The second example is Greece, a much more consequential case of course. But the pattern of behaviour was the same. IMF staff produced a program that didn’t even obey the most basic adding up constraints, such that the Greek people were subjected to depression long before debt restructuring was belatedly and inadequately enforced.
This crucifixion of the Greeks initially involved the Fund assuming that the Greeks could generate substantial external income—of more than €30 billion per year by 2015, or roughly 13% of initial GDP—to replace fiscal compression and shoulder the burden of growing burden of external debt.
Moreover, as the program evolved, the ECB wanted her money back, and so the banks were additionally required to compress credit to the Greek private sector—on top of the fiscal contraction—and was now asked to find a further €16 billion per year from abroad to repay the ECB—on top of the original €30 billion per year to sustain spending in the economy.

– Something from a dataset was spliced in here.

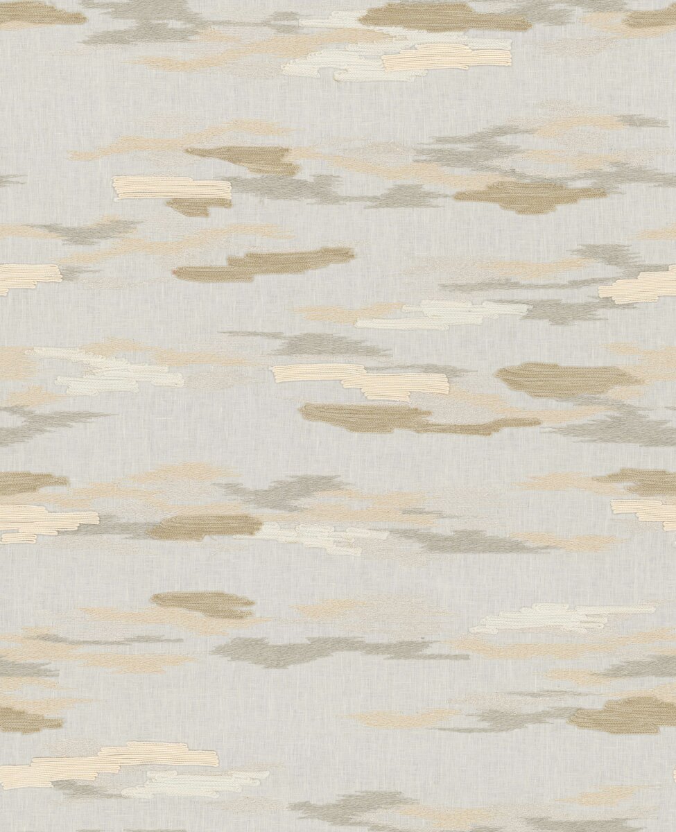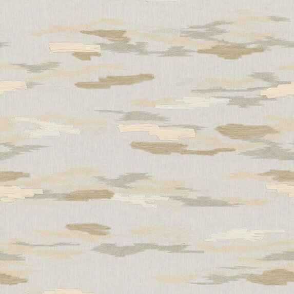 Auf purem Leinenfond zeichnen sich filigrane Stickereien ab, die den flüchtigen Wandel von vorüberziehenden Wolken einfangen. Unterschiedliche Garne mal glänzend und fein, mal matt und plastisch, verleihen den Motiven Dimension und Lebendigkeit. Die ausgewogene Farbkomposition, vermittelt Harmonie und Weite in 4 unterschiedlichen Varianten. CLOUDS WHISPER verbindet natürliche Anmut mit handwerklicher Raffinesse – ein Stoff, der Räume in eine sanfte, meditative Stimmung taucht.

The third example is Argentina’s Ponzi Program, yet another example of IMF staff putting at risk international taxpayer money while creating additional unnecessary damage to those least capable of shouldering the burden of adjustment.
The case of Argentina involved signing off on a program that involved Ponzi financing of the central bank—perpetual monetary financing of the cost of monetary policy without factoring in fiscal support. This meant the true consolidated government deficit was at least 2% of GDP worse than the official Federal government numbers implied, and the true debt position less favorable.
Without challenging the political incentive to lend to the Macri administration, but put public money on the line to prop up a Ponzi scheme, the IMF created the monster it was intended to avoid—a populist administration in Buenos Aries once more.
All this was easily foreseen to those following from afar.
In this way we are led back to contemplate the unreasonable ineffectiveness of macroeconomics in political science. How is it that macroeconomics in practise is so divorced from the real world? Why is this acceptable?
One reason this is acceptable is that the macroeconomics community continually denies responsibility and refuses to accept responsibility. This is not their concern, it’s someone else’s fault.
But more important, macroeconomists continue to be useful idiots to those in power. Someone is needed to justify their nonsense policies, regardless of the damage that is being done. And so those inflicted by unnecessary poverty from Athens to Buenos Aries are united as pawns in the game of chess of the modern macroeconomist—and the ineffectiveness of their subject in modern political science.